Dual Role of Inflammasome Adaptor ASC in Cancer

Abstract

Apoptosis-associated Speck-like protein containing a CARD (caspase activation and recruitment domain) (ASC), also called PYCARD/Target of Methylation-induced Silencing-1 (TMS1), was originally discovered as a protein that forms aggregates ("specks") in human leukemia cells treated with chemotherapeutic agents. Its expression was found to be silenced by methylation in many human tumors, preventing tumor cells from undergoing apoptosis and supporting its role as a tumor suppressor. Subsequently, ASC was also identified as a central adaptor molecule of the inflammasome complex, which mediates the secretion of inflammatory cytokines (i.e., IL-1β and IL-18). Inflammatory cytokines have been shown to mediate tumor-promoting functions. Thus, in the context of cancer development and progression, ASC may exert opposing functions, i.e., be either tumor-suppressing by inducing tumor cell apoptosis, or tumor-promoting by favoring secretion of inflammatory cytokines (by tumor cells and/or tumor infiltrating myeloid cells) within the tumor microenvironment. Here, we report and discuss this dual role of ASC by also considering the final contribution of each of its two main functions in several cancer types, taking into consideration the correlation between ASC expression, clinical correlates, and patients' survival. ASC and inflammasome targeting strategies are being developed. However, before the use of such treatments in clinical practice, it is fundamental to better dissect the role of ASC in different tumors, in order to privilege or avoid their use in those tumors in which ASC exerts an anti-tumor or pro-tumor function, respectively.
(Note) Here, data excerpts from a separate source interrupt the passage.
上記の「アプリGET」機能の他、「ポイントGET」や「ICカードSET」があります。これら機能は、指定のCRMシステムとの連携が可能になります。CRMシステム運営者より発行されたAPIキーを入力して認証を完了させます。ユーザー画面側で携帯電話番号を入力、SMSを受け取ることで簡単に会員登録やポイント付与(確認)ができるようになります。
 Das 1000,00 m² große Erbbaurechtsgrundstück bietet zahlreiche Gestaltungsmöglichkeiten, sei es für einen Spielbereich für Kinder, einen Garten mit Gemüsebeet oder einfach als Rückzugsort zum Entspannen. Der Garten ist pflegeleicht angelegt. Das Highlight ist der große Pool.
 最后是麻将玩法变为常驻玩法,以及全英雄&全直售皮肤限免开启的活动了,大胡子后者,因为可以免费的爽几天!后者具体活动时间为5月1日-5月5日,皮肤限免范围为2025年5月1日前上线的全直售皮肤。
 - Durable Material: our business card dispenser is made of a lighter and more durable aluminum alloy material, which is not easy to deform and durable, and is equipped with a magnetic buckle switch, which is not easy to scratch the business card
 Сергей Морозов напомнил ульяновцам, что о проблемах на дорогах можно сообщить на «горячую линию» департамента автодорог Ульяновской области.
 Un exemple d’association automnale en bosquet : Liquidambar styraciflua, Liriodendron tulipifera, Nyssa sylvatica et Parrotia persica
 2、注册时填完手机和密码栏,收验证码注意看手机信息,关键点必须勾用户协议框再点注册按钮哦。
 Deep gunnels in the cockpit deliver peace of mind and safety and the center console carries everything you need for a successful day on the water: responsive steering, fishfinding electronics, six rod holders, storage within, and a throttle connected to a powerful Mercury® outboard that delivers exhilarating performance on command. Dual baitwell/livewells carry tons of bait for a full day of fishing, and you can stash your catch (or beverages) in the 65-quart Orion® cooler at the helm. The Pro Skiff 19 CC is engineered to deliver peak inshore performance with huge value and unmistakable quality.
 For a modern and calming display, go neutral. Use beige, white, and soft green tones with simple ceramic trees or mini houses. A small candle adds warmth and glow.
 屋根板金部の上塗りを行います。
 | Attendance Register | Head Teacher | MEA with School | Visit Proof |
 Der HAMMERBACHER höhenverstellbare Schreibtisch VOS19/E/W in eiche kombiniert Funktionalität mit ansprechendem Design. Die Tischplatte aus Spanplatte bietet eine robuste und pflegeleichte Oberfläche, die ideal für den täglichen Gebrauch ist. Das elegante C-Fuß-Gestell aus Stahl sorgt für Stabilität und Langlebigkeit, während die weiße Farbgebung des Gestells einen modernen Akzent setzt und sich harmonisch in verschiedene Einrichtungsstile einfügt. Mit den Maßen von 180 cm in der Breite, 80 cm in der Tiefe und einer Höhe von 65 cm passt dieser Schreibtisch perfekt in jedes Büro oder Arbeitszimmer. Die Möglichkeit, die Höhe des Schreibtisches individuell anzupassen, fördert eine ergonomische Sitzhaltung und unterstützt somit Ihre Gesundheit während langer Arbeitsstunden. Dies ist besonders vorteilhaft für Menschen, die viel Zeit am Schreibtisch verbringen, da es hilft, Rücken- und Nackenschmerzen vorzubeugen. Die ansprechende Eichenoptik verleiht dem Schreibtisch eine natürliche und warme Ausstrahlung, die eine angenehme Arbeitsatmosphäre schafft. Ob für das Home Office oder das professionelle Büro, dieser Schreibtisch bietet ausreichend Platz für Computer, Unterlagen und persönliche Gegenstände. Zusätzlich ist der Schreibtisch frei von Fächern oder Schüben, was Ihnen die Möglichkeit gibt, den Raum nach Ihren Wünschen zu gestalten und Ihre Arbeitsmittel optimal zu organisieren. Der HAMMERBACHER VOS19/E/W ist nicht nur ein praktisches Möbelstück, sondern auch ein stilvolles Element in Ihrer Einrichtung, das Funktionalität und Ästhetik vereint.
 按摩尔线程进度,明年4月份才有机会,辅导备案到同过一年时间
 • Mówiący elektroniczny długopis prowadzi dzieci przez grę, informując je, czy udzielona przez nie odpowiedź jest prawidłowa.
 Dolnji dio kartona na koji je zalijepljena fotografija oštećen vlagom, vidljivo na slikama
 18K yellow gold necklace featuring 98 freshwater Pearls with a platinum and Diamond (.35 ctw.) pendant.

Keywords: ASC/TMS1; IL-18; IL1; inflammasome; myeloid cells; tumor cells; tumor suppressor gene.

FIGURE 1

Dual role of ASC/TMS1 in cancer. (A) Pro-apoptotic function. In normal epithelial cells differentiation and stress/damage cell signals induce the onco-suppressor p53 to activate transcription of several genes, among these ASC. Activated ASC binds to Bax and the ASC-Bax complex translocates to mitochondria mediating Citochrome C (Cit C) release. Cit C activates the initiator caspases-8 or -9, which in turn activate caspase-3 and the apoptotic cascade. At difference with normal epithelial cells, in cancer cell methylation (Meth) of the promoter region of ASC induces gene silencing and inhibits apoptosis, thus contributing to cell survival and tumor development (Hanahan and Weinberg, 2011). (B) Pro-inflammatory function in cancer cells. In cancer cells and myeloid cells (such as TAMs), recognition of pathogen- or damage-associated molecular patterns (PAMPs, DAMPs) induces the assembly/polymerization of the inflammasome molecular complex, which in cancer cells is otherwise often constitutively activated as a result of genetic lesions (Kolb et al., 2014; Kantono and Guo, 2017; Karan, 2018; Karki and Kanneganti, 2019). The inflammasome is composed by a multimerized module formed by a sensor Nod Leucine-Rich Repeat-containing receptor, such as NLRP3, bound to the pyrin domain of the adaptor ASC, which in turn is bound, through its CARD domain, to pro-caspase-1. The multimerized complex forms a speck that induces caspase-1 activation. Caspase-1 can then catalyze the proteolytic cleavage and activation of IL-1β and IL-18. Sensing of PAMPS or DAMPS also induces activation of NF-κB, which translocates to the nucleus and activates transcription of pro-IL-1β and pro-IL-18. ASC specks and inflammatory cytokines (IL-1β and IL-18) are released from cancer cells, through mechanisms not completely elucidated (?), and captured by TAMs contributing to massive IL-1β release with auto-activation of cancer cells, as well as triggering of other immune or stromal cell components in the tumor microenvironment. IL-18 can contribute to cancer cell proliferation by inhibiting caspase-8 mediated apoptosis.